HOW TO COMPLETE THIS TASK: Only the lines from the one containing "闻家辰博士结合在美国康涅狄格" to the end of the records belong in the copy. Reproduce them word for word and drop the pictures.

§ §

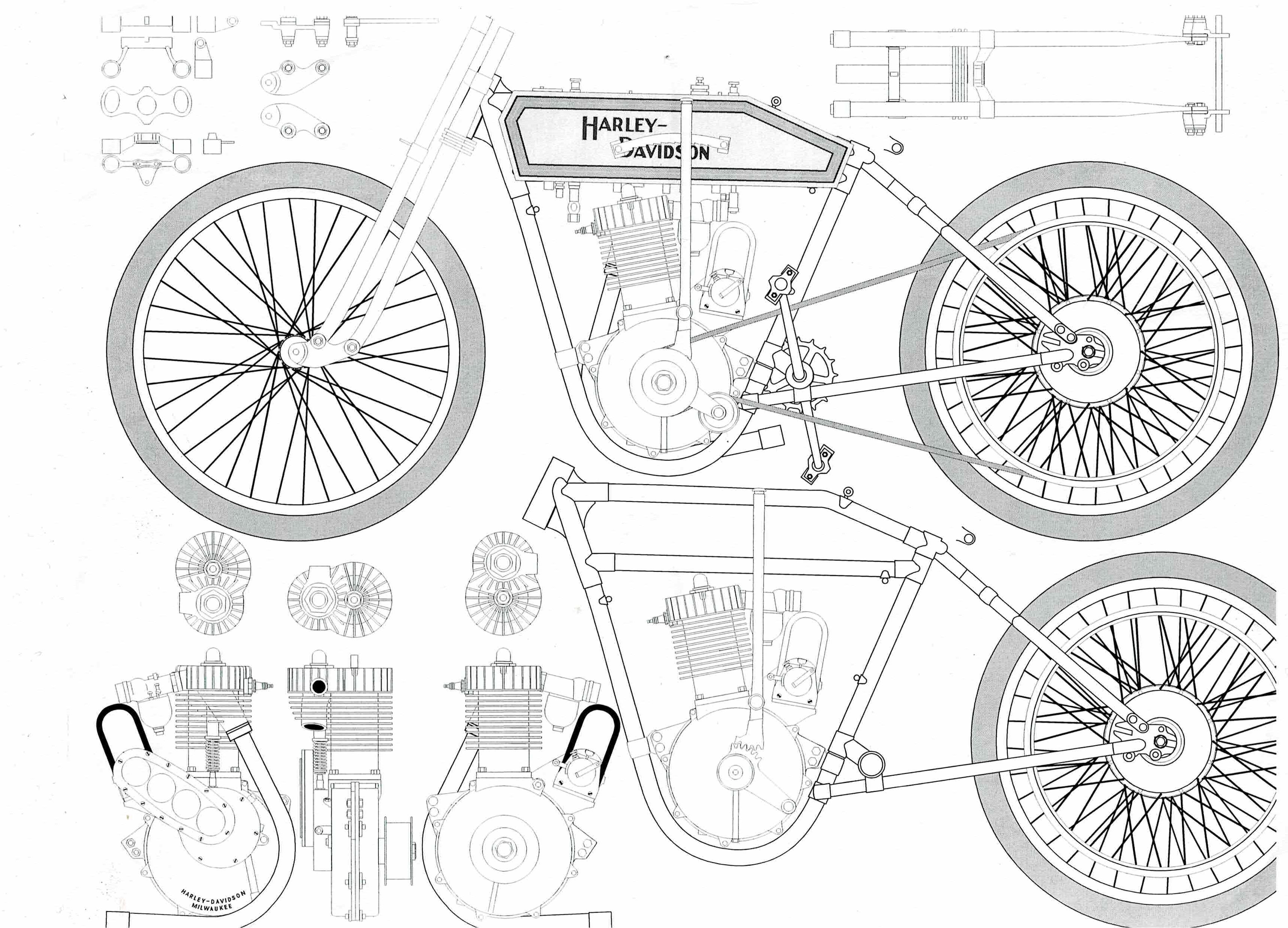 DougS Posted 3 hours ago Posted 3 hours ago Several years ago I had big plans to build a 1/8th scale Harley. After hours of searching for reference photos I was able to come up with fairly accurate details and made this drawing to work from. I found out about half way through scratch building the engine that I just wasn't up to this big of a project. I'm still pretty proud of the finished drawing though.
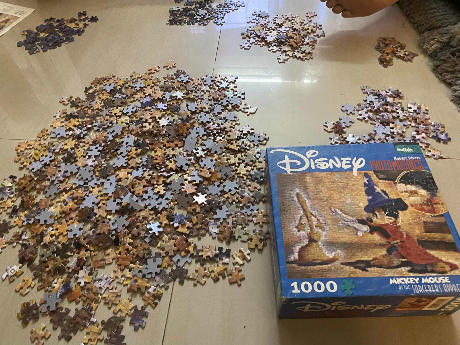 We dug out this Disney puzzle we had - which has never been solved before. I realised my eye sight has gone very poor. I could not see with my current glasses. Have to remove and bring the puzzle pieces very close to see the details. Not good!
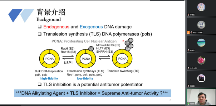 闻家辰博士结合在美国康涅狄格大学进行的博士后研究工作,详细介绍了Rev1及其抑制剂的研究进展。Rev1作为一种特殊的跨损伤修复DNA聚合酶,是一种潜在有效的肿瘤治疗靶标,针对其C末端结构域(CT)的药物研究具有很大的挑战性。课题组应用高通量筛选、虚拟筛选和基于结构的药物设计策略,发现了化学结构类型多样的小分子苗头化合物,为Rev1-CT蛋白的功能研究提供了探针分子。
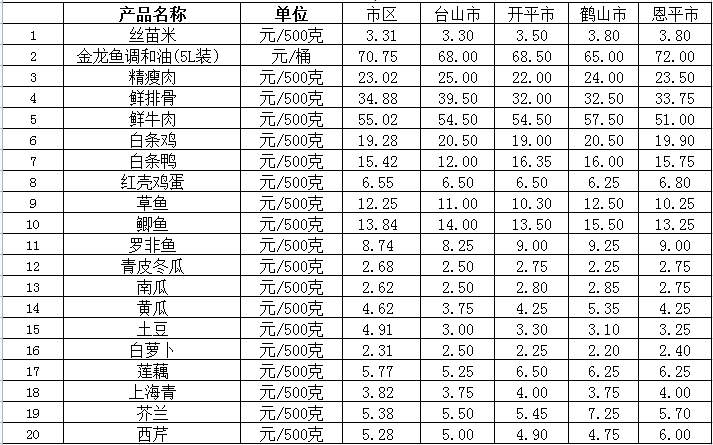 说明:1、表中价格为该地区监测点综合平均价;2、“市区”含蓬江区、江海区、新会区,价格分别采自蓬江市场、江南市场、城东市场等13家农贸市场;3、其他四个县市价格分别采自新鹤市场、锦江市场等8家农贸市场。
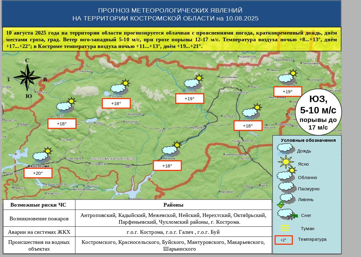 10 августа 2025 года на территории области прогнозируется облачная с прояснениями погода, кратковременный дождь, днём местами гроза, град. Ветер юго-западный 5-10 м/с, при грозе порывы 12-17 м/с. Температура воздуха ночью +8...+13°, днём +17...+22°; в Костроме температура воздуха ночью +11...+13°, днём +19...+21°

§ §

RESPONSE:
 闻家辰博士结合在美国康涅狄格大学进行的博士后研究工作,详细介绍了Rev1及其抑制剂的研究进展。Rev1作为一种特殊的跨损伤修复DNA聚合酶,是一种潜在有效的肿瘤治疗靶标,针对其C末端结构域(CT)的药物研究具有很大的挑战性。课题组应用高通量筛选、虚拟筛选和基于结构的药物设计策略,发现了化学结构类型多样的小分子苗头化合物,为Rev1-CT蛋白的功能研究提供了探针分子。
 说明:1、表中价格为该地区监测点综合平均价;2、“市区”含蓬江区、江海区、新会区,价格分别采自蓬江市场、江南市场、城东市场等13家农贸市场;3、其他四个县市价格分别采自新鹤市场、锦江市场等8家农贸市场。
 10 августа 2025 года на территории области прогнозируется облачная с прояснениями погода, кратковременный дождь, днём местами гроза, град. Ветер юго-западный 5-10 м/с, при грозе порывы 12-17 м/с. Температура воздуха ночью +8...+13°, днём +17...+22°; в Костроме температура воздуха ночью +11...+13°, днём +19...+21°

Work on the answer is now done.